Neighborhood Social Cohesion
Neighborhood social cohesion (NSC) is another key factor to be considered as older adult aging in community. NSC represented to neighbors’ mutual trust, connectedness, shared values, and support (Sampson, 2012). NSC fosters positive health outcomes, including better physical and social well beings (Cramm et al., 2013). Existing studies focusing on NSC and physical wellbeing among older adults have examined its relationships with walking and physical activities. Findings from a large national sample of 2013 to 2016 NHIS older adults age 60+ years shows that neighborhood social cohesion is associated with walking limitations among diverse groups of older Latinos (Vasquez et al., 2019). Another study analyzed 2017 NHIS adult sample also concluded that neighborhood social cohesion is positively related to meeting physical activity guidelines (Quinn et al., 2019). One large Netherland study surveying community-dwelling older people (aged ≥70 years) further reports that NSC reduced frailty (Cramm & Nieboer, 2013).
Multiple studies have shown that the reciprocal exchange occurs with stronger NSC lead to increased wellbeing, which further encourages older adults’ social and civic participation and reduced social isolation (Latham & Clarke, 2018; Parekh et al., 2018). In a study conducted among age-friendly communities in diverse urban neighborhoods, researchers found that older adults who had opportunities and were connected to their communities, regardless of race, ethnicity, or gender, were more likely to be civically involved (Parekh et al., 2018). This increased physical activity in turn lead to better mental health as well (Kim et al., 2020).
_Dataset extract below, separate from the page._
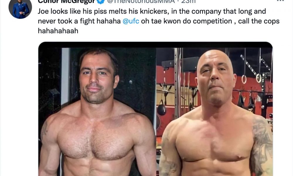 Ao saber da postura de Rogan, que afirmou que sua urina “derreteria o copo da USADA”, Conor rapidamente respondeu através de suas redes sociais. Na mensagem, o irlandês ironiza o físico do comentarista com imagens de seu porte físico tanto aos 25 como aos 52 anos, sempre em forma.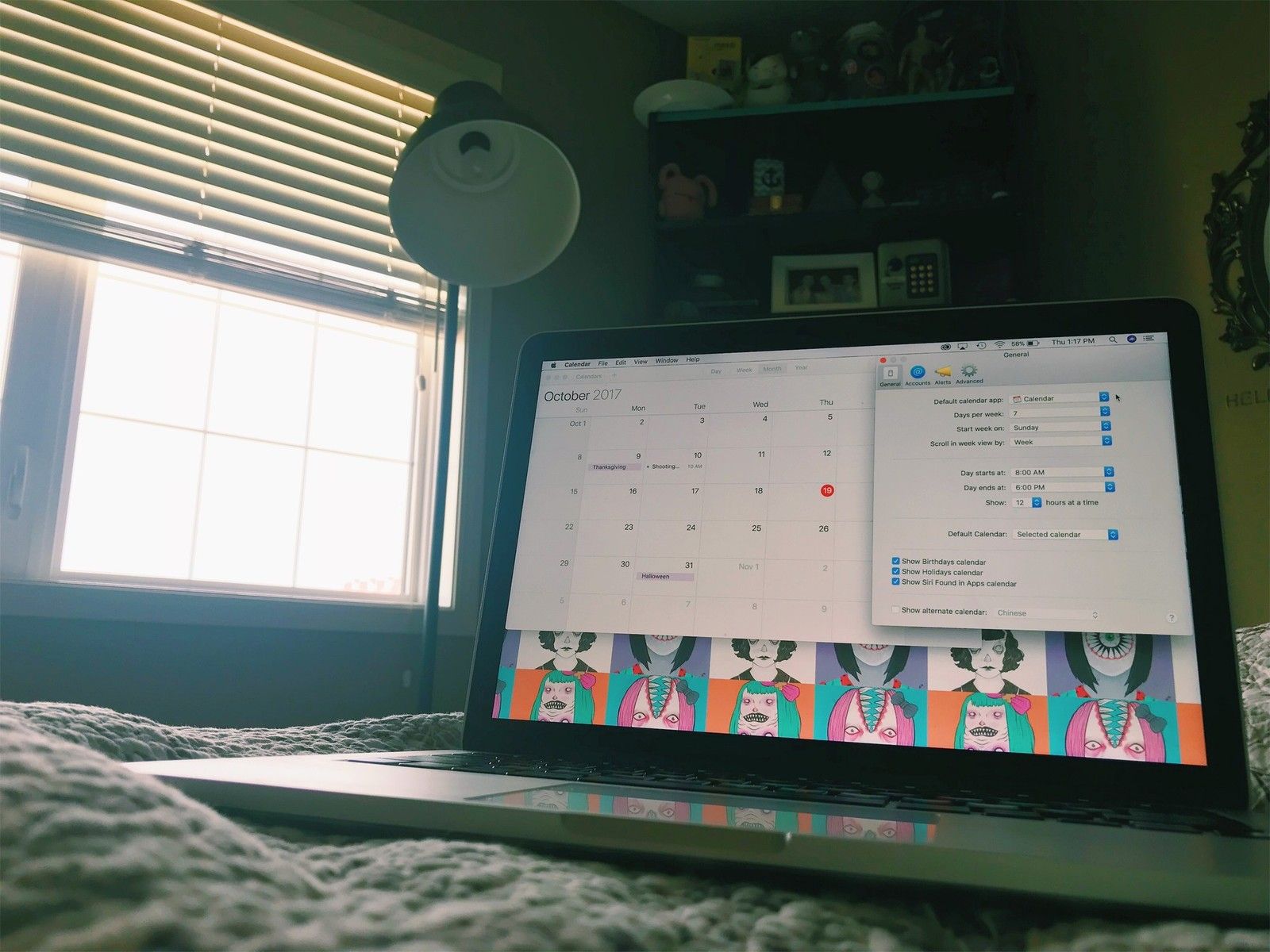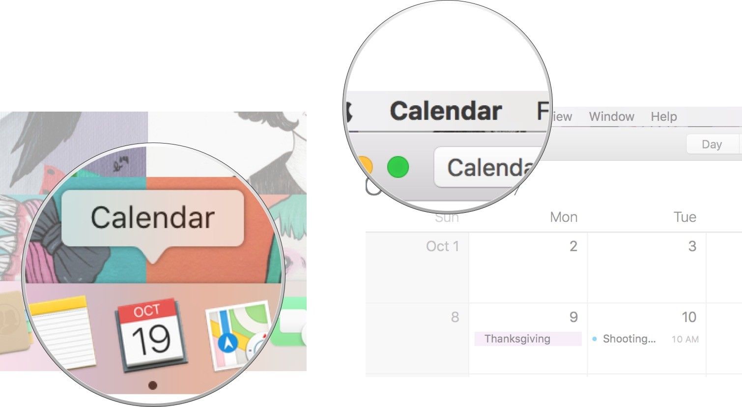 Нажмите Календарь в строке меню в левом верхнем углу экрана.

Community-Based Programs Promoting AIC
Researchers in the gerontology fields have discussed several existing and emerging AIC programs and models aiming to provide support and facilitate older adults building social connection among community-dwelling older adults (Bookman, 2008; Hou, 2019a; Hou et al., 2017, 2019; Thomas & Blanchard, 2009). Three programs were highlighted below and examined in the current study: (1) the village program with neighbors help neighbors grassroots network, (2) the neighborhood lunch program (i.e., congregate meals) authorized under Title III of the Older Americana Act to provide meals and nutritional services in group settings (Lloyd & Wellman, 2015; Mabli et al., 2015)., and (3) University-based lifelong learning programs meeting the learning and social engagement needs (American Council on Education, 2007). These programs represent different AIC options for community-dwelling older adults with different demographic and background characteristics (Hou, 2019b; Thomas et al., 2017).
Village program
The village program is a grass-root program run by trained volunteers and paid staff to connect members with free, low cost, or discounted services as needed, as well as coordinate village-wide programs and activities (VtVN, 2017). A key mission of the village program is to strengthen members’ social connections and reducing social isolation to promote AIC (Davitt et al., 2015; Scharlach et al., 2014).
Yet, there have been limited empirical studies examine the impact of village programs. There is some preliminary evidence supports that village program may have protective effect till 85+ years as demonstrated via self-rated higher quality-of-life across pre-old, young old, and old-old age groups. Study showed the quality-of-life dropped significantly once an individual reached the oldest group (Hou et al., 2017). A mixed-methods research study reports that village participants across all age voiced strong desire to stay connected (Hou, 2019c). Overall study participants reported high quality-of-life and there was no significant difference by living arrangements. However, further qualitative analyses found that those who live alone preferred informal socialization; while those who live with others preferred formal socialization (Purdie et al., 2017). Other studies also show village programs help promote social connection (Gardner, 2011; Graham et al., 2014). Specifically, village members with higher self-efficacy of maintaining independence were found in better health or participated in more social activities (Graham et al., 2014).
Congregate meal programs
Government supported neighborhood lunch program (NLP) (i.e., congregate meals) provides meals and nutritional services among older adults in group settings (Lloyd & Wellman, 2015; Mabli et al., 2015; Porter et al., 2016). The mission of such NLP is to enhance older adults’ quality of life by providing nutritious meals and support services to help older adults maintain independence and dignity (Meals on Wheels, etc., 2017). Eating together and participating in educational activities can also facilitate social connection and information sharing (Winterton et al., 2013). Such programs provide older adults opportunities to socialize while addressing their nutritional needs at the same time (Porter et al., 2016). Studies have shown effectiveness of NLPs to reach our diverse aging groups with various racial and income profiles (Brewer et al., 2016; Hou, 2019b; Thomas et al., 2017).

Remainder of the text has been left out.